Britain sends warning to Argentina over Falkland Islands - 'Not up for discussion'

Britain sends warning to Argentina over Falkland Islands - 'Not up for discussion'

Falklands War veteran Simon Weston spoke on the Argentinian claim over the Falkland Islands

GB News
Dimitris Kouimtsidis

By Dimitris Kouimtsidis

Published: 18/02/2024

- 15:14

David Cameron will visit the Falkland Islands next week in a display of strength towards the Argentinians

Britain is set to send a strong warning to Argentina over the Falkland Islands, making it clear that the issue is "not up for discussion".

David Cameron will visit the islands next week, in a show of strength, designed to show that British sovereignty is not negotiable and that the islands are a "valued part of the British family".

The Foreign Secretary will be the first cabinet minister to visit the archipelago since 2016.

This is on the back of James Cleverly's promise to visit the islands last year, with Lord Cameron following up on his predecessor's promise.

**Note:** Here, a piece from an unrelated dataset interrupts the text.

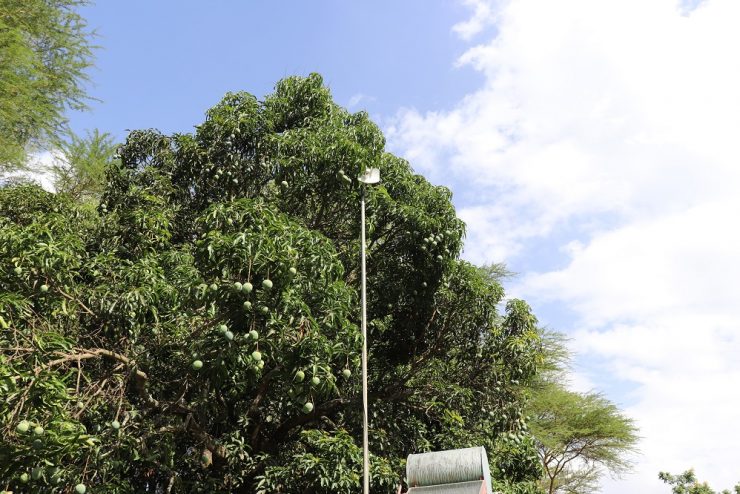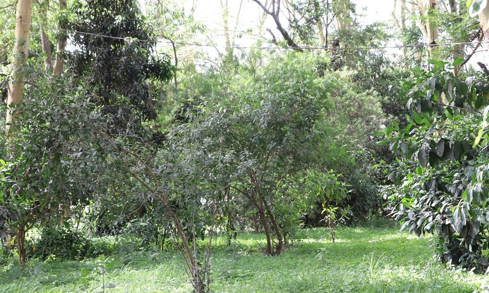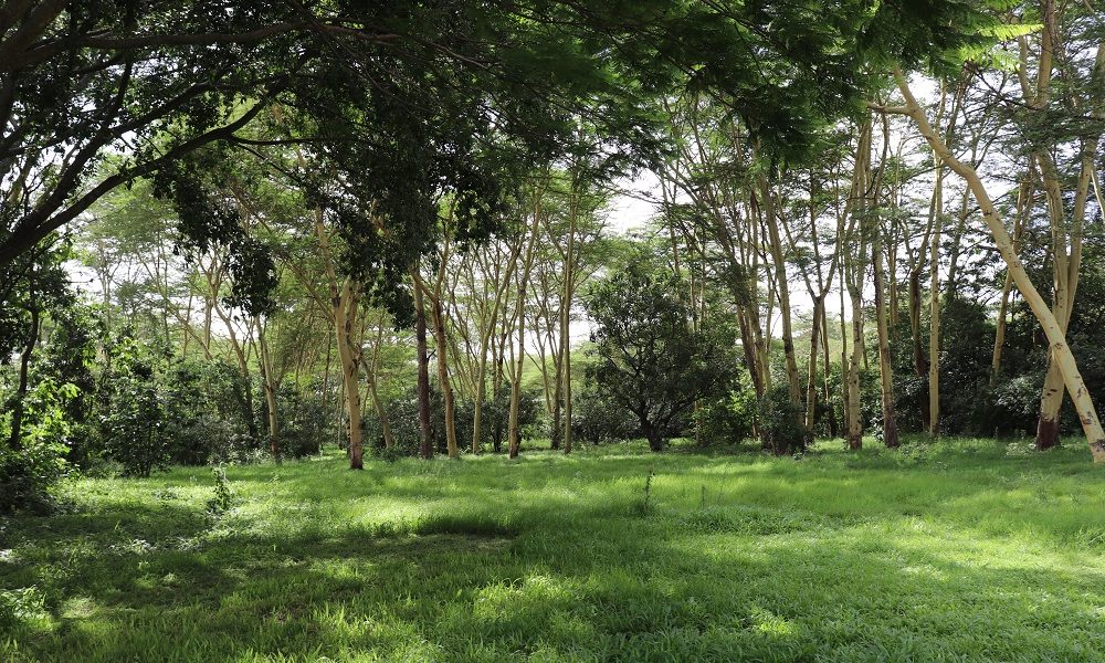 The plot is 4 acres, covered with acacia trees and fenced with natural materials (no brick walls).

David Cameron meeting with Nato troops

David Cameron is keen to show that the issue of British sovereignty is 'not up for discussion'


During the visit, Lord Cameron is expected to pay his respects to the British troops who fought in the Falklands War in 1982, as well as the current military personnel stationed on the islands.

He will also visit environmental projects and see some of the penguins that depend on the vital island habitats.

The Foreign Secretary said: "The Falkland Islands are a valued part of the British family, and we are clear that as long as they want to remain part of the family, the issue of sovereignty will not be up for discussion.

“The Falkland Islanders should be proud of the modern, prosperous community they have built.


The Falkland Islands

This will be the first visit of a British cabinet minister to the Falkland Islands


"The Islands are a thriving economy, where as well as farming and fishing, there is a priority given to conservation and sustainability.”

Last month Lord Cameron met with newly-elected Argentinian President, Javier Milei, at the Davos Forum in Switzerland.

During the meeting, the two men said they would "agree to disagree" over the future of the islands, which the Argentinians refer to as Islas Malvinas.

Milei insisted that his country's sovereignty over the Falklands was "non-negotiable" and has pledged to force the UK Government to relinquish its sovereignty through "diplomatic channels".

Downing Street insists the issue of sovereignty is "settled".

In 2013 a referendum on the Falklands took place, in which 99.8 per cent of residents voted to retain their status as a UK overseas territory.

After his visit to the Falklands, Lord Cameron will travel to Paraguay, which will make him the first Foreign Secretary to visit the South American country.

He will then attend a meeting of G20 foreign ministers in Brazil, before going to the UN in New York for the second anniversary of Russia's invasion of Ukraine.